Corporate Venture Capital, Disclosure, and Financial Reporting
Corporate Governance: An International Review, Nov. 2021, Vol. 29, No. 6, pp. 541-566
51 Pages Posted: 3 Jan 2018 Last revised: 15 Mar 2022
Date Written: December 2, 2019
Corporate venture capital (CVC) is one of the most important avenues for corporate innovation today, yet there can be unintended consequences related to anticompetitive practices. Recent scrutiny from regulators and policymakers underscores their growing desire for more information about firms’ CVC investment activities, even of those previously believed to be too small to matter. Using a comprehensive sample of 115 publicly-listed U.S. parent firms that owned 133 CVC firms, we document that for almost half of the firm-years in our sample, parent firms do not disclose any information about their CVC program.
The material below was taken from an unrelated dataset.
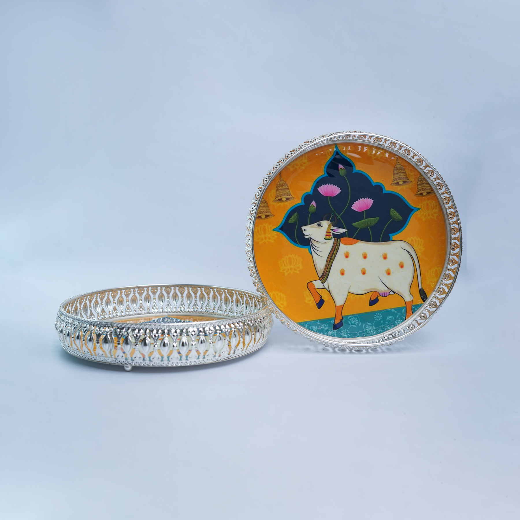 This 8-inch silver finish tray features an exquisite Pichwai print, showcasing India’s rich artistic heritage.

Among the parent firms that do disclose their CVC activities, we find that they disclose less when they make investments in industries outside of their core industry. Firms with a CVC program, relative to similar firms without a CVC program, tend to make more future acquisitions and report less future goodwill asset write-downs. This study documents the current state of affairs with respect to the amount of publicly available CVC information for a large sample of firms, an important starting point for regulators and policymakers to conduct an informed debate about whether disclosure requirements should be expanded.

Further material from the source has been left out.